Department of Pharmaceutical Sciences, School of Pharmacy, University of Southern California, 1985 Zonal Avenue, PSC304A, Los Angeles, California 90089, USA.
Expert Opin Ther Pat. 2006 Feb;16(2):165-88. doi: 10.1517/13543776.16.2.165.
The interaction between p53 and murine double minute 2 (MDM2) provides an attractive drug target in oncology. Small molecule inhibitors of this interaction have not only provided strong evidence for blocking the protein-protein interaction, but are also extremely useful as biological probes and ultimately as novel therapeutics. Here, a comprehensive review of the patented small molecule inhibitors of the p53-MDM2 interaction are provided. These inhibitors are divided into eight classes of compounds that include cis-imidazolines, benzodiazepines, fused indoles, substituted piperazines, substituted piperidines, aryl boronic acids, spiro-indoles, and alpha-helix mimetic compounds. The best documented class of compounds, cis-imidazolines (e.g., Nutlins) are selective and potent inhibitors of the p53-MDM2 interaction, and selected examples exhibit potency in the nanomolar range. Nutlins induce apoptosis in p53 wild-type cells and show in vivo efficacy in mice xenograft models. Additional strategies briefly discussed in this review, and which are under current exploration in targeting the p53 pathway, include the inhibition of MDM2-mediated p53 ubiquitylation and restoration of DNA-binding activity of mutant p53 protein using small molecules.

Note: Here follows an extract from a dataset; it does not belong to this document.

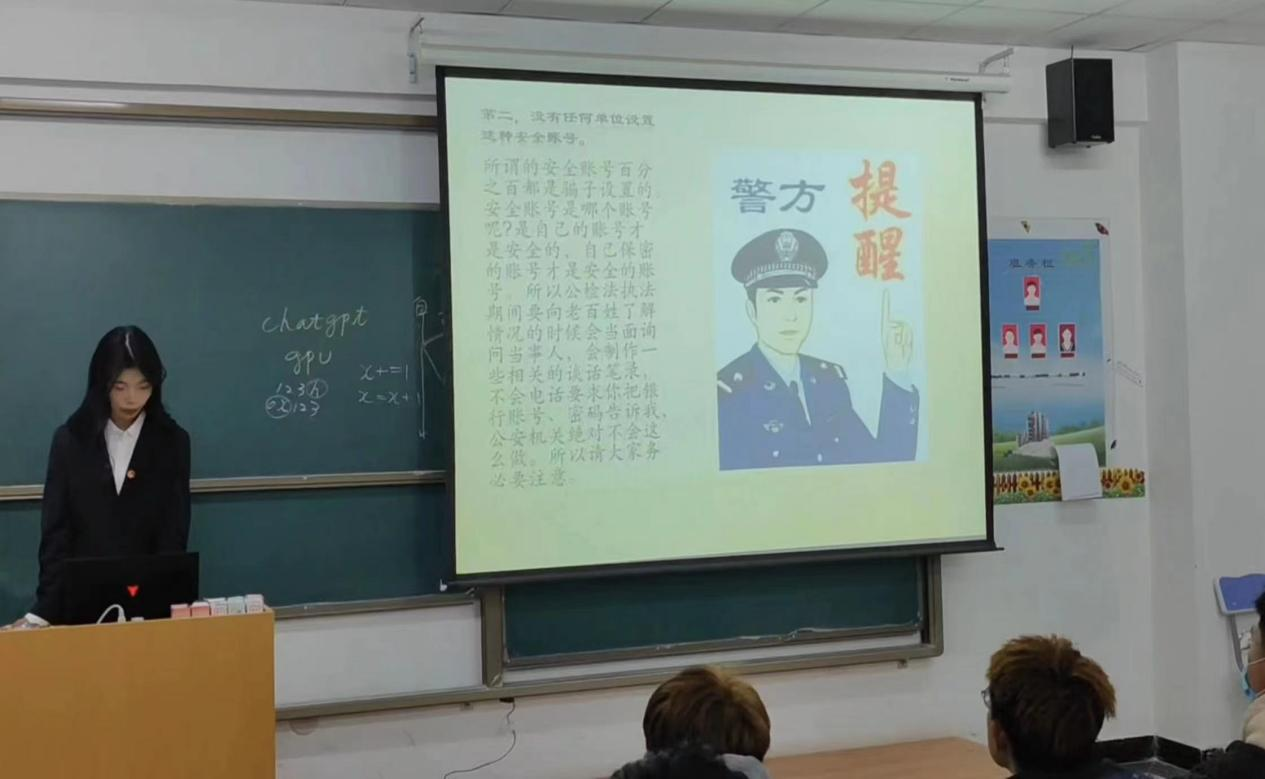为切实提高学生防范电信诈骗意识,提高学生的反诈能力,保障学生财产安全,我院于2023年3月21日至3月28日在北校区综合教学楼以班级为单位开展“反诈我先行,安全我来守”主题教育系列活动。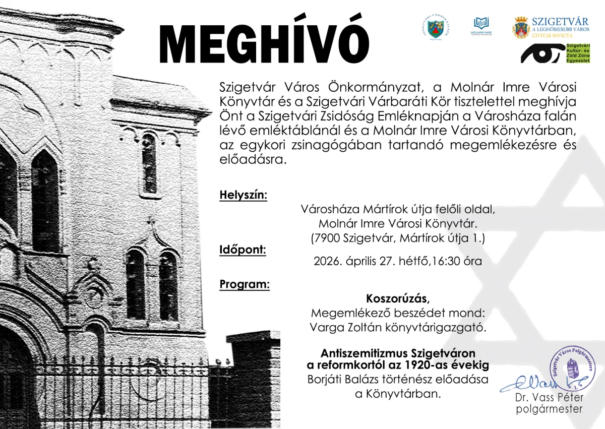MEGHÍVÓ - a szigetvári zsidóság emléknapja alkalmából tartandó megemlékezésre

p53 和鼠双微体 2(MDM2)之间的相互作用为肿瘤学提供了一个有吸引力的药物靶点。这种相互作用的小分子抑制剂不仅为阻断蛋白-蛋白相互作用提供了有力证据,而且作为生物探针也非常有用,并最终成为新的治疗方法。在这里,提供了对 p53-MDM2 相互作用的已授权小分子抑制剂的全面综述。这些抑制剂分为八类化合物,包括顺式咪唑啉类、苯并二氮杂䓬类、稠合吲哚类、取代哌嗪类、取代哌啶类、芳基硼酸类、螺吲哚类和α-螺旋模拟化合物。顺式咪唑啉类(例如,Nutlins)是 p53-MDM2 相互作用的选择性和有效抑制剂,有选择的例子在纳摩尔范围内表现出效力。Nutlins 诱导 p53 野生型细胞凋亡,并在小鼠异种移植模型中显示出体内疗效。在本综述中简要讨论的其他策略,以及目前正在探索靶向 p53 途径的策略,包括抑制 MDM2 介导的 p53 泛素化和使用小分子恢复突变型 p53 蛋白的 DNA 结合活性。